● **WHAT YOU SHOULD DO**
Without the pictures, print the lines from the one holding "alo pink workout" through the last line below, both included, exactly as they stand.

Entries taken from a collection
◆ ◆ ◆ ◆ ◆ ◆ ◆

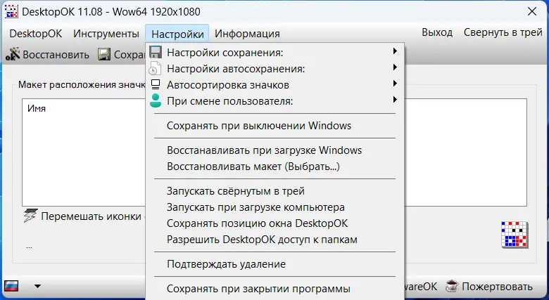 DesktopOK — это компактная утилита для сохранения и восстановления расположения иконок на рабочем столе Windows. Программа помогает избежать беспорядка при смене разрешения экрана, подключении проектора или использовании док-станций. Она работает без установки, поддерживает автоматическое сохранение и настройку под разных пользователей.
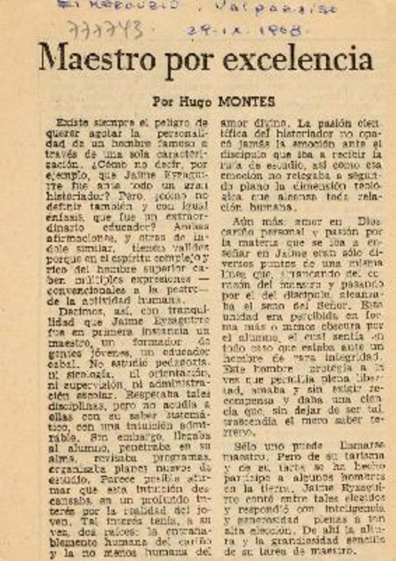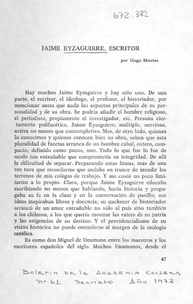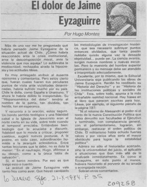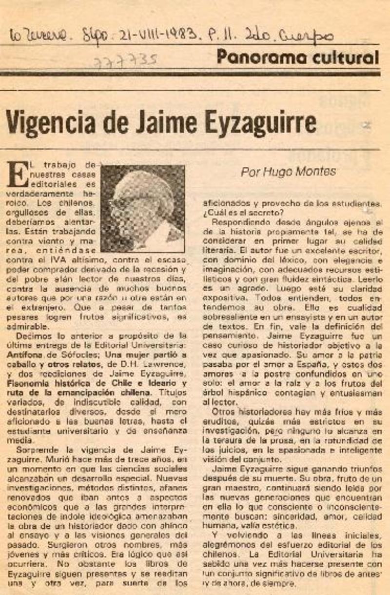 Vigencia de Jaime Eyzaguirre [artículo] Hugo Montes.
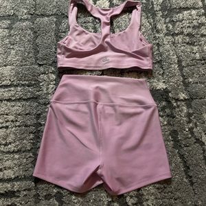alo pink workout set both shorts and top are size small, worn once perfect condition , price is firm
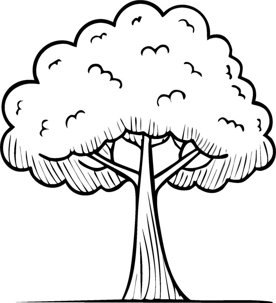 Tree sketch illustration simple outline of a tree with leafy crown and visible roots Pro Vector
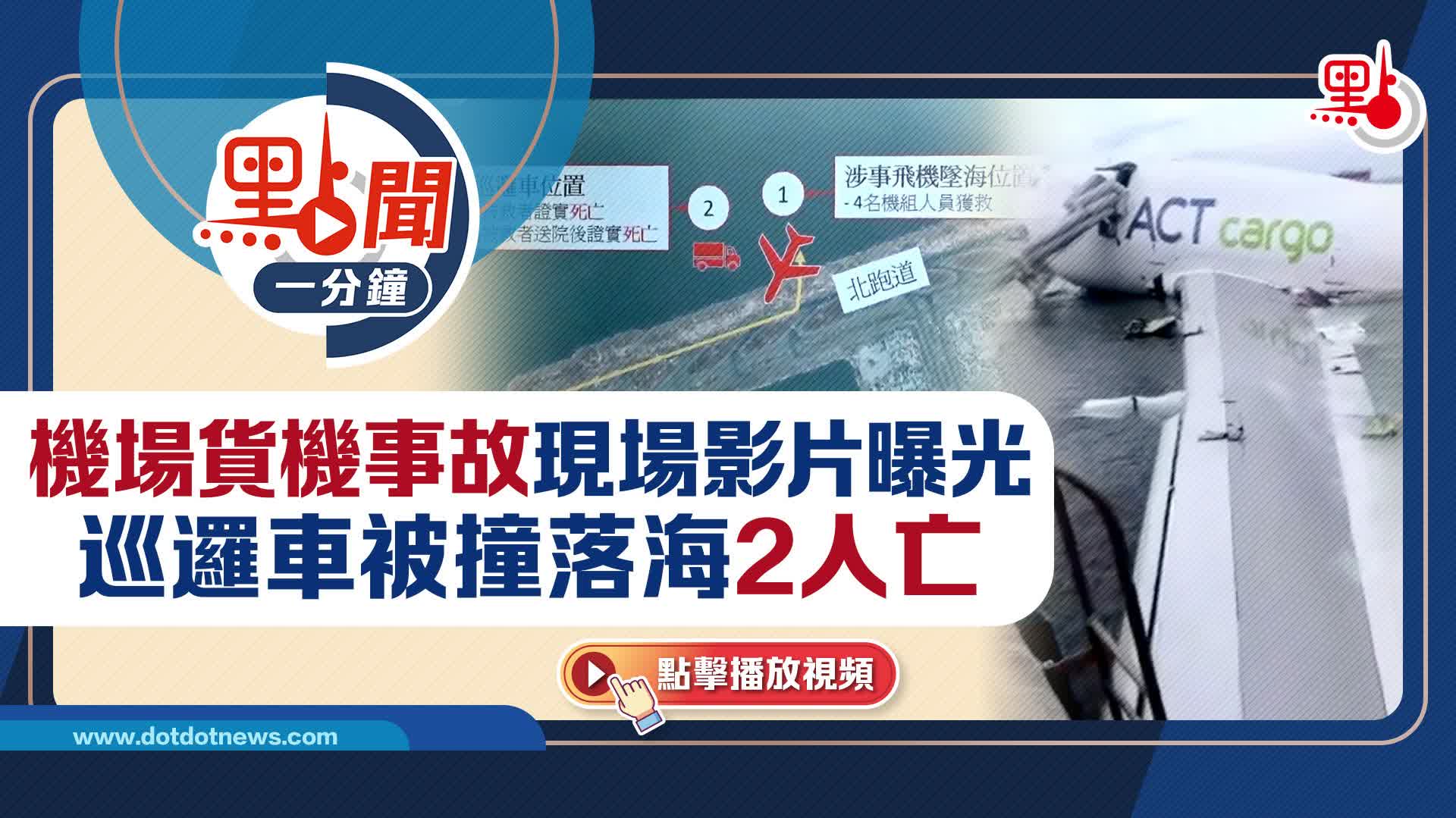 大公文匯全媒體報道,香港國際機場今日(20日)發生奪命航空事故,一架從杜拜抵港的B744貨機(航班編號UAE9788),在北跑道降落後出現偏離情況滑出海面,兩名地勤人員連人帶車被貨機撞落海後不治。事故後現場影片及相片曝光,涉事貨機在海上載浮載沉,機尾朝海。機頭底部穿窿,機身中間斷開,機尾只露出少部分。貨機左邊逃生滑梯彈出,右邊機門亦有打開,但滑梯沒完全打開,4名機組人員在協助下利用逃生滑梯離開機艙。

◆ ◆ ◆ ◆ ◆ ◆ ◆

● **TASK OUTPUT**
alo pink workout set both shorts and top are size small, worn once perfect condition , price is firm
 Tree sketch illustration simple outline of a tree with leafy crown and visible roots Pro Vector
 大公文匯全媒體報道,香港國際機場今日(20日)發生奪命航空事故,一架從杜拜抵港的B744貨機(航班編號UAE9788),在北跑道降落後出現偏離情況滑出海面,兩名地勤人員連人帶車被貨機撞落海後不治。事故後現場影片及相片曝光,涉事貨機在海上載浮載沉,機尾朝海。機頭底部穿窿,機身中間斷開,機尾只露出少部分。貨機左邊逃生滑梯彈出,右邊機門亦有打開,但滑梯沒完全打開,4名機組人員在協助下利用逃生滑梯離開機艙。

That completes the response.